#### Input material ####

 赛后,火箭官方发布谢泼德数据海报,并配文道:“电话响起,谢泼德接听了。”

####
#### Input material ####

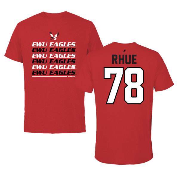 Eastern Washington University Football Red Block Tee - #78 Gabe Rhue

####
#### Input material ####

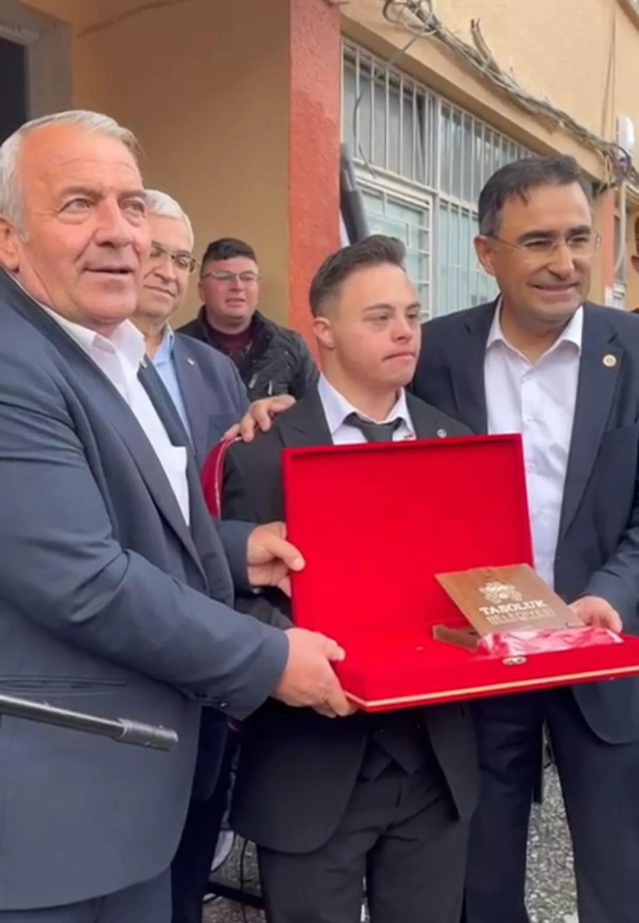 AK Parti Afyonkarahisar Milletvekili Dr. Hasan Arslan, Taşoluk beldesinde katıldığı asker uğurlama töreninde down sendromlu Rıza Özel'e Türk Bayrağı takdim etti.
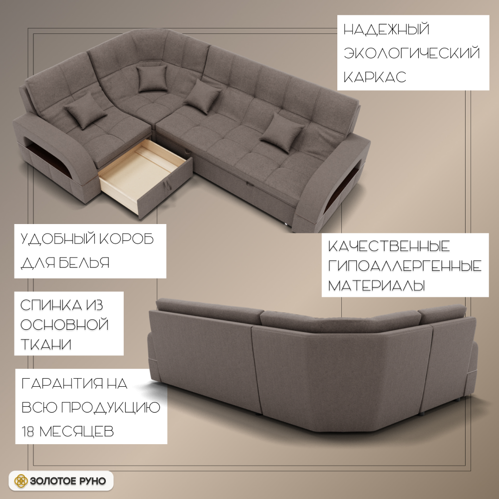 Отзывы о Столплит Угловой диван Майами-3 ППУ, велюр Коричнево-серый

####

• Problem statement: Going back to the data above, write out everything from the line with "AK Parti Afyonkarahisar" down to the line with "Отзывы о Столплит", both included, leaving every picture out.

• Answer space:
 AK Parti Afyonkarahisar Milletvekili Dr. Hasan Arslan, Taşoluk beldesinde katıldığı asker uğurlama töreninde down sendromlu Rıza Özel'e Türk Bayrağı takdim etti.
 Отзывы о Столплит Угловой диван Майами-3 ППУ, велюр Коричнево-серый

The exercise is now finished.